MITRE Publishes White Paper on SBOM Data Normalization for Medical Device Manufacturers
A new white paper published in April 2026 by The MITRE Corporation addresses challenges in Software Bill of Materials (SBOM) data normalization for medical device manufacturers (MDMs).
The document, titled “Considerations for Managing Challenges in Software Bill of Materials (SBOM) Data Normalization,” was developed under contract with the U.S. Food and Drug Administration (FDA). The paper states that the views presented do not constitute agency guidance, policy, or legally enforceable requirements.
According to the executive summary, the paper builds on a previous MITRE publication from October 2024, providing additional considerations for implementing approaches to address SBOM data normalization challenges, including technologies and processes that can evolve with SBOM tools and organizational changes.
The document describes the evolution of SBOM tools, including capabilities for:
generating SBOMs
ingesting and comparing SBOMs
transforming and merging SBOM data
supporting SBOM management activities
It also highlights that inconsistencies in data across tools contribute to normalization challenges, including differences in naming conventions and data elements.

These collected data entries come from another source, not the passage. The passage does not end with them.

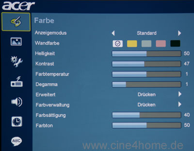 Bei der Farbtemperatur rächt sich die spartanische Menügestaltung des Acer Beamers. Ab Werk zeigt sich auch bei ihm ein Blau- / Rotstich im "Film" Preset.
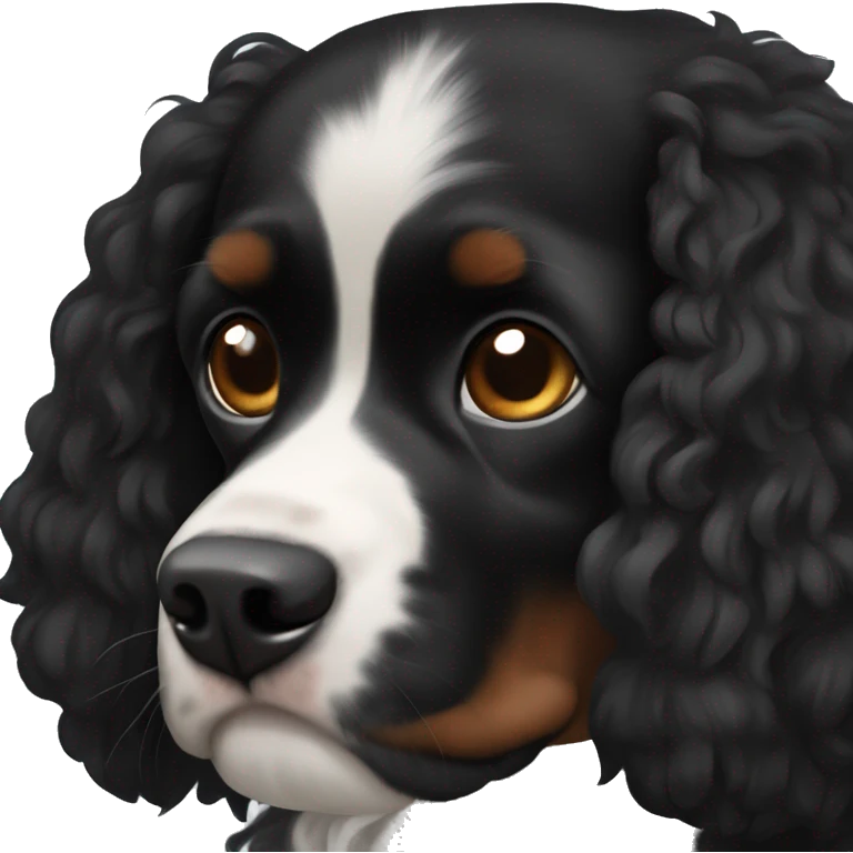 Small completely black king spaniel with black fur on his whole face and white fur on chest emoji | AI Emoji Generator
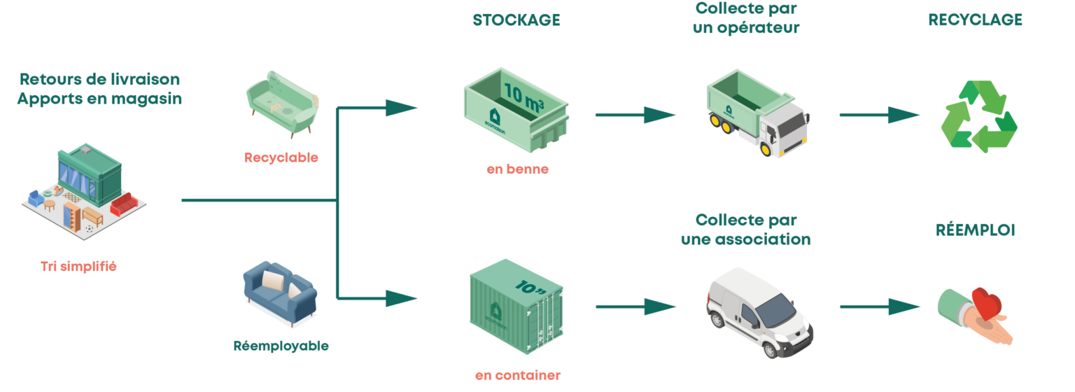 Pour organiser la reprise par les enseignes qui collectent ainsi des produits toute l’année, nous avons des solutions de collecte avec des contenants adaptés à la taille des produits repris : bacs de collecte pour les jouets et petits articles de bricolage et jardin à disposer à l’entrée du magasin, benne installée à l’arrière du magasin pour les matelas et autres canapés par exemple.
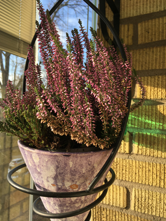Ljungträd i lila ampeln på balkongen
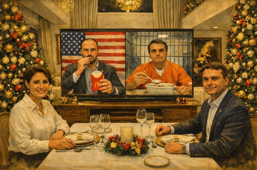 E tem o detalhe que dói mais do que a entrevista cancelada: a briga pelo controle do sobrenome. Flávio queria o carimbo ao vivo, aquele apoio dito em voz alta que transforma pré-candidatura em destino, mas apoio ao vivo é coisa cruel, não volta pra embalagem e ainda deixa recibo. No fim, a ordem do dia não é “fale bonito”, e sim “fale pouco”. O recado que circula na mesa é o mais brasileiro possível: manchete passa, processo fica — e uma frase torta gruda mais do que glitter de Natal. A cadeia, nessa lógica, vira cenário e a saúde vira escudo, porque no bolsonarismo até o termômetro precisa combinar com a estratégia. O Natal privatizado é isso: até a fala do preso vira franquia, com autorização, veto e manual de marca.
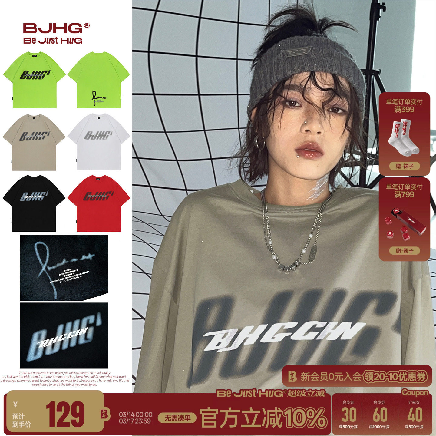 BJHG不计后果 美式短袖男款t恤夏季新款潮纯棉宽松情侣款半袖上衣
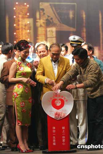 一月六日晚,由劉曉慶領(lǐng)銜主演的大型歌舞話劇《金大班的最后一夜》在上海上演。演出之后,劉曉慶和演藝人員向海嘯災(zāi)區(qū)捐款。作者:潘索菲
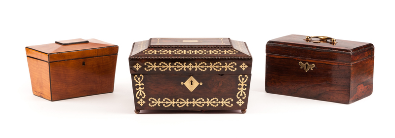Three English Tea Caddies Largest: height 6 x width 11 x depth 8 inches.
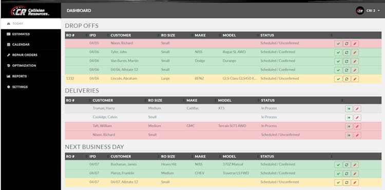 At Collision Resources, our team help collision repair centers meet and exceed their production goals by reaching and maintaining a consistent workflow using our CR Auto Scheduler® - Production software. Our AI powered platform combines Lean Six Sigma principles, our team’s extensive expertise in the auto body industry, and the latest technology to streamline scheduling and balance workflow at your auto body shop.
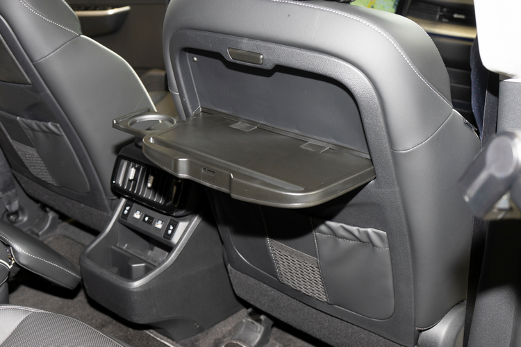 ▲前排椅背有摺疊小餐桌/飲料架設計

The paper outlines considerations for SBOM tool selection, including:
handling of version numbers and versioning schemes
transparency of automated decisions
user involvement in normalization decisions
ability to share and migrate data
auditability of data and logic
In addition, the document discusses SBOM management practices, including the concept of maintaining a central “source of truth” (SoT) to support consistent nomenclature across an organization. This includes baseline attributes such as supplier name, component name, version string, and unique identifiers.
The paper also describes different approaches to SBOM management, including:
manual methods (e.g. spreadsheets and scripts)
open-source tools
commercial tools
internally developed solutions
The document notes that automation is an important consideration, including the use of Artificial Intelligence and Machine Learning (AI/ML), while acknowledging the need for manual review due to potential inaccuracies.
Finally, the paper references the FDA guidance “Cybersecurity in Medical Devices: Quality System Considerations and Content of Premarket Submissions”, which recommends the inclusion of machine-readable SBOMs in premarket submissions.